WHAT IS BEING ASKED: Please repeat the entire listing verbatim and keep the pictures out.
DATA EXTRACT section start
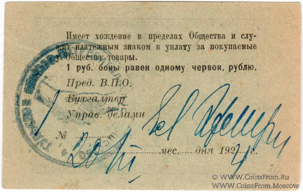 Бона. На реверсе: печать и подпись. Рамка со звездой. Тульское Военно-Потребительское Общество.
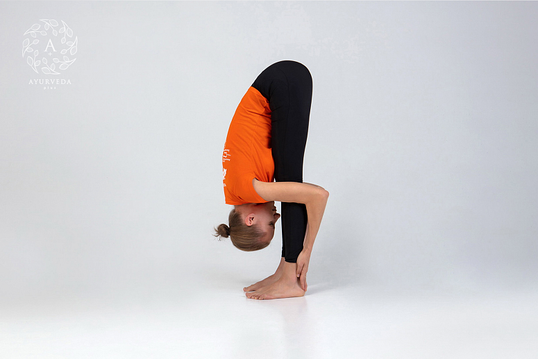 - if the asana is not yet mastered completely, bend your legs slightly; it is important to feel the stretch in the backs of your thighs, but never in the lower back;
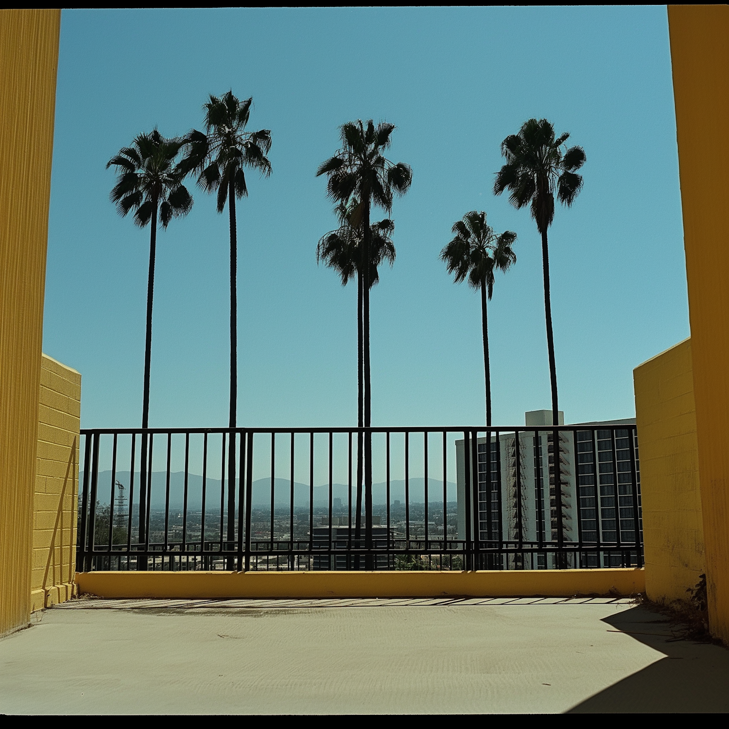 Tall palm trees framed by yellow walls and a black railing, with a cityscape and mountains in the background under a clear blue sky.
DATA EXTRACT section end
SOLUTION:
 Бона. На реверсе: печать и подпись. Рамка со звездой. Тульское Военно-Потребительское Общество.
 - if the asana is not yet mastered completely, bend your legs slightly; it is important to feel the stretch in the backs of your thighs, but never in the lower back;
 Tall palm trees framed by yellow walls and a black railing, with a cityscape and mountains in the background under a clear blue sky.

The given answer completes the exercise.